I think international travel is an amazing way to expose kids to other cultures. Of course, it’s incredible. But, if you can’t afford it, if you can’t get time off work, if you can’t seem to make that happen in your current situation, that’s okay. Travel can be as simple as a camping trip or a visit to a nearby metropolitan area. Wherever you go that’s outside of your own usual circle will expose your children to new experiences, let them see people who may look or act differently from them, give them an opportunity to see various landscapes, and teach them how to accept change to their usual schedules and norms. In my experience, those things set the foundation for more extensive travel later on. Even trips through an airport or to a multicultural festival where children have opportunities to see diversity firsthand, listen to multicultural music, or taste unusual-to-them foods can have a huge impact on small children and will give you, as a parent, an opportunity to introduce new vocabulary and concepts to a young child.
In my own children, I’ve seen that even the littlest bit of travel during the preschool ages can have a big impact in expanding a child’s worldview. The long-term benefits are the realizations that come with understanding that life doesn’t center around you or your town, but that life is varied, multifaceted, beautiful, and worth exploration.
If travel is not often possible, in what other ways can parents help broaden their children’s understanding of and appreciation for other people, places, and cultures?
There are several entry points to other cultures that are within reach for most parents. Some of the easiest ways to broaden children’s worldviews are through books, music, food, and friendships. We’re really just starting this journey in my own home with my boys, and I am always on the lookout for new resources to bring into the home that will allow us to explore other cultures. I usually start at the library, checking out all the multicultural books I can find!
I’ve written a short list of 10 Simple Ways to Create a Global Home—No Matter Where You Live, and in it I give descriptions of some of the things parents can do to incorporate an appreciation of other cultures into their home life. Simple, practical things like putting up a map in the dining room so that you can reference it whenever you hear about or read about another country; listening to podcasts about diversity and global issues that keep you inspired to pass on these values to your kids; teaching your kids another language so that they expand their understanding of culture; internationalizing your media so that you are getting music and videos from around the world as well. Those are a few simple things that make global living accessible to anyone.
How have you incorporated globally-minded living into your family’s daily life? What key tenets of globally-minded living can you share that we could all put into practice?
To me, globally-minded living is something I haven’t mastered, but something I strive to incorporate into our family life.
I believe it starts with the parents. If you want your kids to grow up excited and eager to engage with the world, then you have to also be excited about learning and engaging with the world.

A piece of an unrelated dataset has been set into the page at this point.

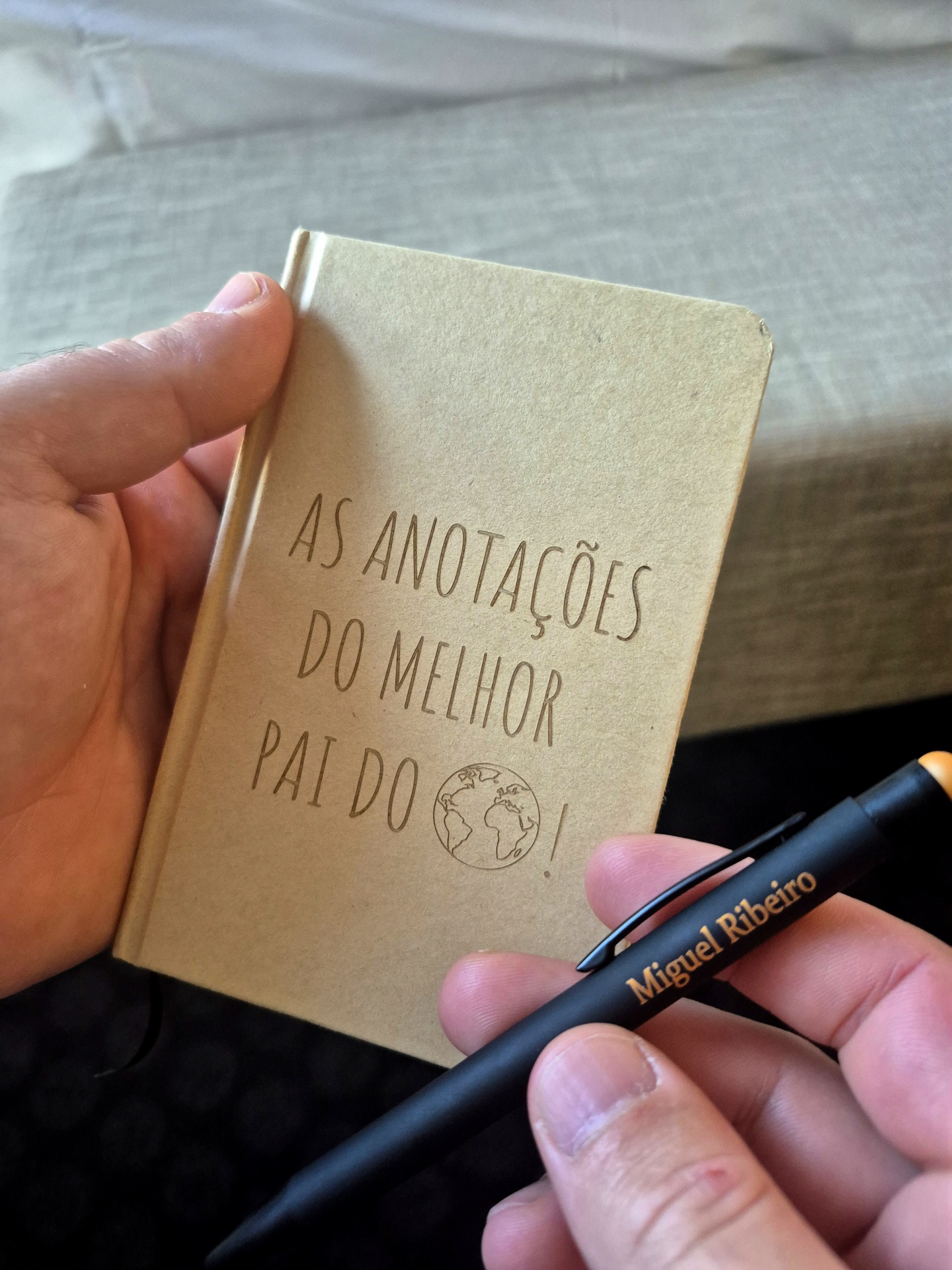 As anotações do melhor Pai do mundo vem junto com uma caneta que podes personalizar com o nome do teu pai! Só deixar nos comentários o nome para a Personalização!

For me, that started with a simple framework of “looking up, looking out, and looking all around,” that I later decided is critical to becoming a global mom. The first few years of motherhood, or parenting in general, can be so all consuming, that you can feel very isolated. It can feel like the only thing you think about is just keeping everyone fed and diapered—and hopefully getting a little bit of sleep along the way. But, I actually find that when I look only at my circumstances and what I have to get done in a day or what is going on with the kids right at that moment, I can become discouraged and discontented. When I start looking up from my own mess and looking out into the world again, I’m reminded of the beauty both within my own home and family, and beyond it. Things like having beds made and cooking awesome meals seem to become less crucial, and I can focus on connecting with the world around me and teaching my children to do the same.
As far as the key tenets of globally-minded living, well, there are just so many! Believing that all people have worth and value and that all cultures have something to teach us is a start.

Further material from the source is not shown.